§ **Excerpts from a dataset**
┌──

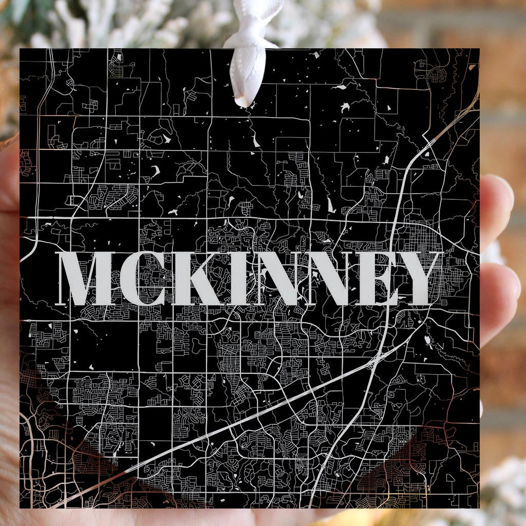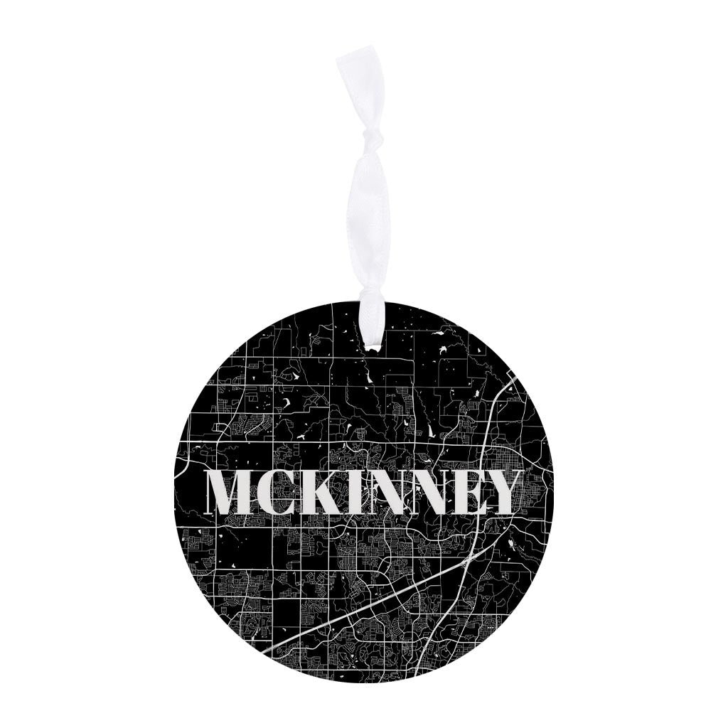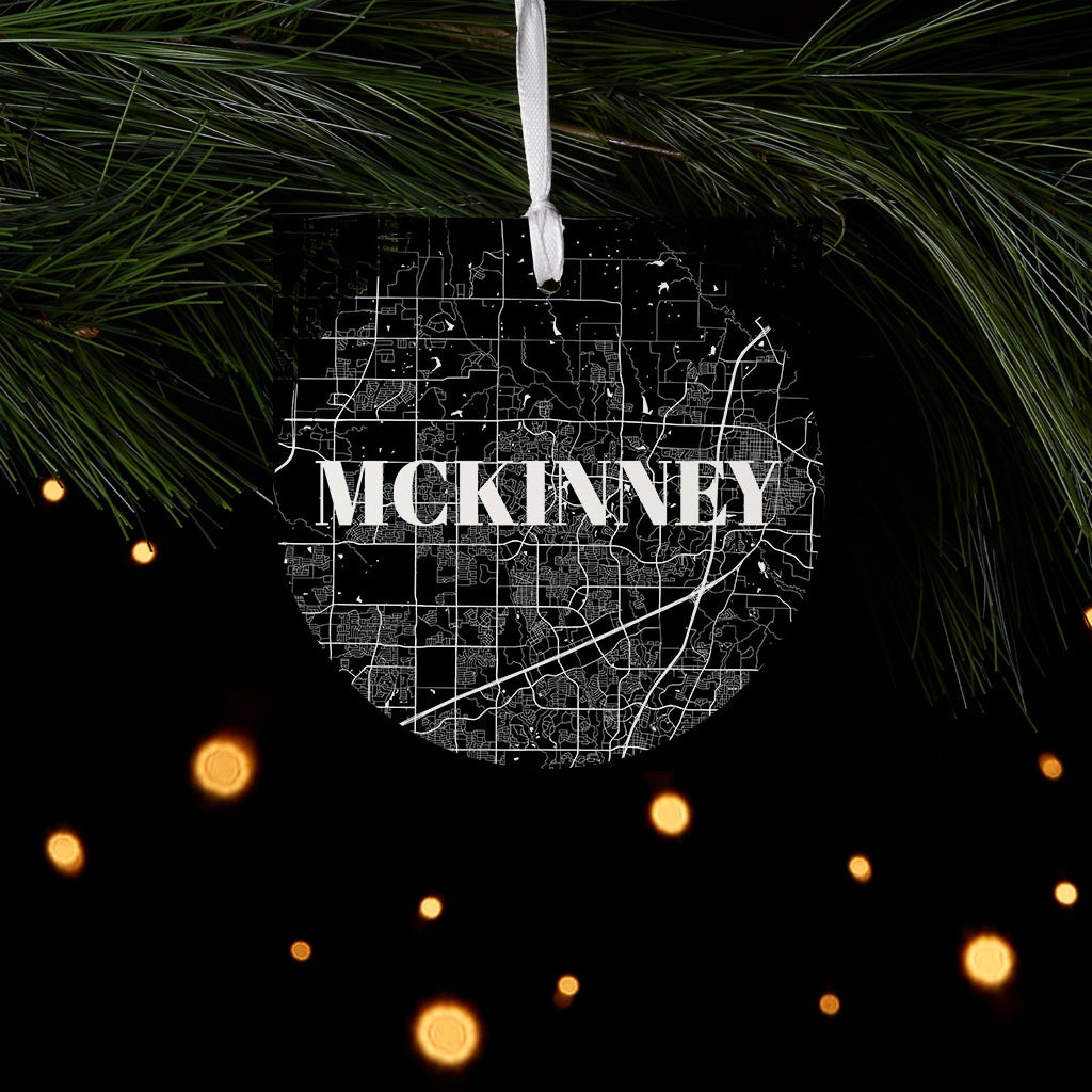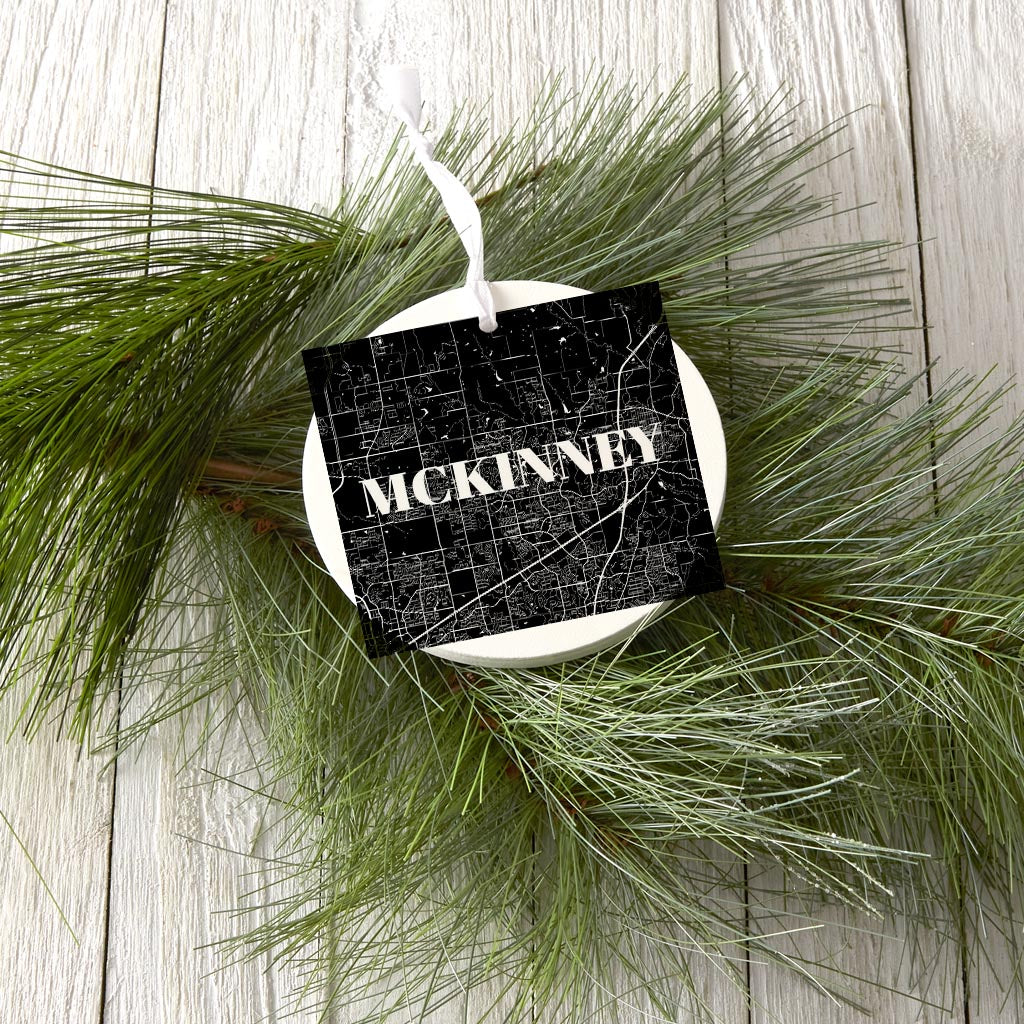 Minimalistic B&W Texas Mckinney Map | Wood Ornament | Eaches | Min 6
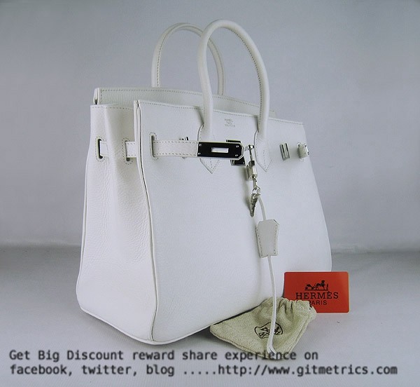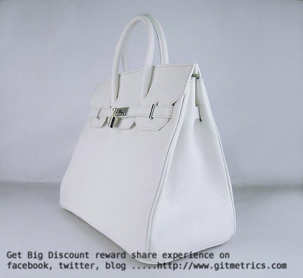 Torebki Hermes Birkin 35cm Togo skórzane białe srebrne
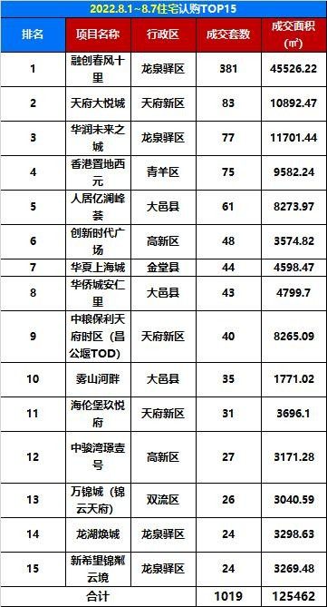 8月第1周成都商品房銷量出爐!融創春風十里榮獲榜首!
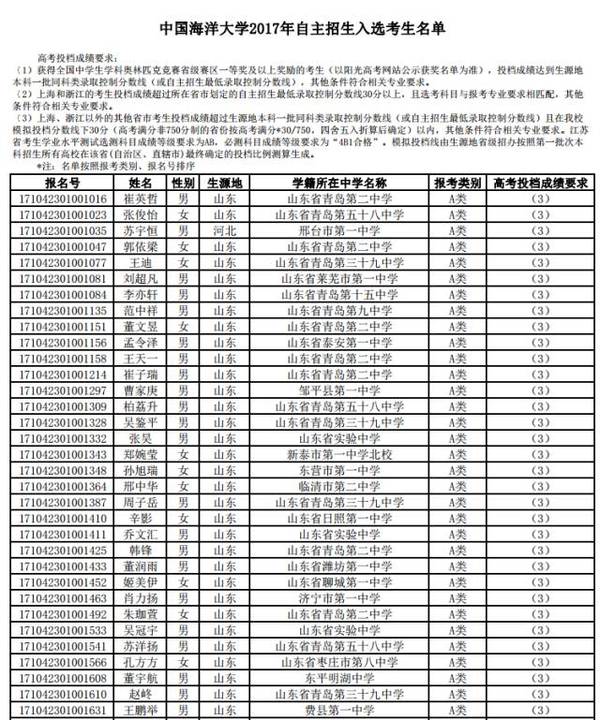 6月17日,西安交通大学、北京师范大学(珠海校区)、中南大学、中国海洋大学、苏州大学陆续2017年自主招生入选名单,如有参加测试的考生,可查询入选名单。
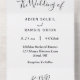 This elegant modern song choice wedding all in one invitation is perfect for your modern minimalist wedding. This design features black simple calligraphy with a white neutral background to match your classic traditional wedding or minimalist boho wedding in the spring, summer, fall, or winter. Please feel free to reach out to us with any questions about this design.
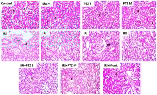 Histopathological examination of the renal tissues of different groups. Hematoxylin–eosin-stained sections of kidneys of the control-group rats (Control), sham-group rats (Sham), PTZ S-group rats (PTZ S), PTZ M-group rats (PTZ M), IRI-group rats (IRI), IRI + PTZ S-group rats (IRI + PTZ S), IRI + PTZ M-group rats (IRI + PTZ M), and IRI + montelukast-group rats (IRI + Mont). Where (g): the cortex glomeruli, (T): tubules, (m): periglomerular focal inflammatory cells aggregation, (d): degenerated tubules, and (n): focal coagulative necrosis. Magnification: ×40.
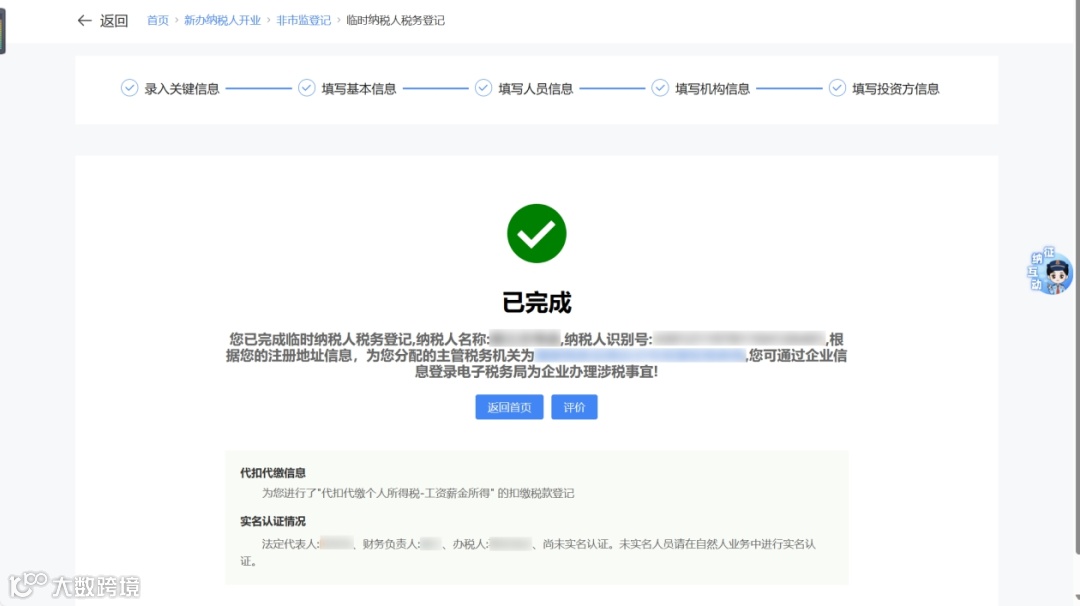 ⑥ 系统显示临时纳税人税务登记成功,并自动完成代扣代缴登记及主管税务机关分配。
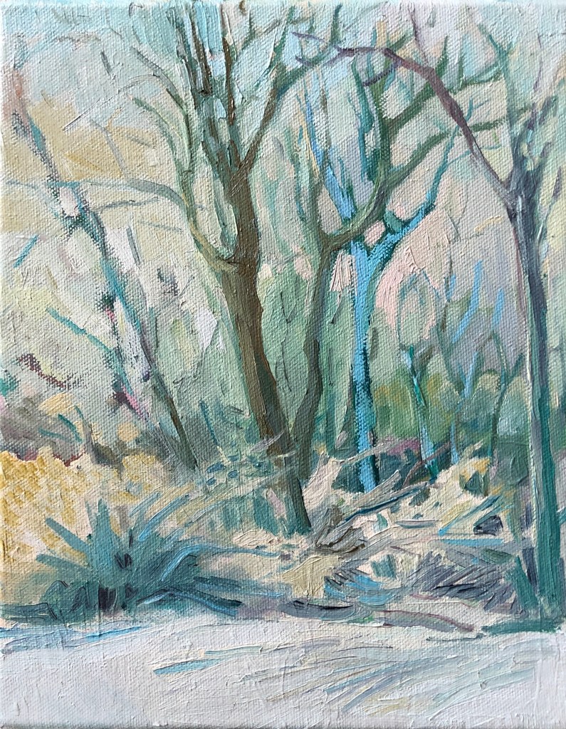 November from my studio window, 2022. Oil on canvas, 30×24.

└──

Using the data above, print only the lines starting at the one with "8月第1周成都商品房銷量出爐!融創春風十里榮獲榜首!" and ending at the one with "This elegant modern", exactly as they stand, minus the pictures.

§ **Finished exercise**
 8月第1周成都商品房銷量出爐!融創春風十里榮獲榜首!
 6月17日,西安交通大学、北京师范大学(珠海校区)、中南大学、中国海洋大学、苏州大学陆续2017年自主招生入选名单,如有参加测试的考生,可查询入选名单。
 This elegant modern song choice wedding all in one invitation is perfect for your modern minimalist wedding. This design features black simple calligraphy with a white neutral background to match your classic traditional wedding or minimalist boho wedding in the spring, summer, fall, or winter. Please feel free to reach out to us with any questions about this design.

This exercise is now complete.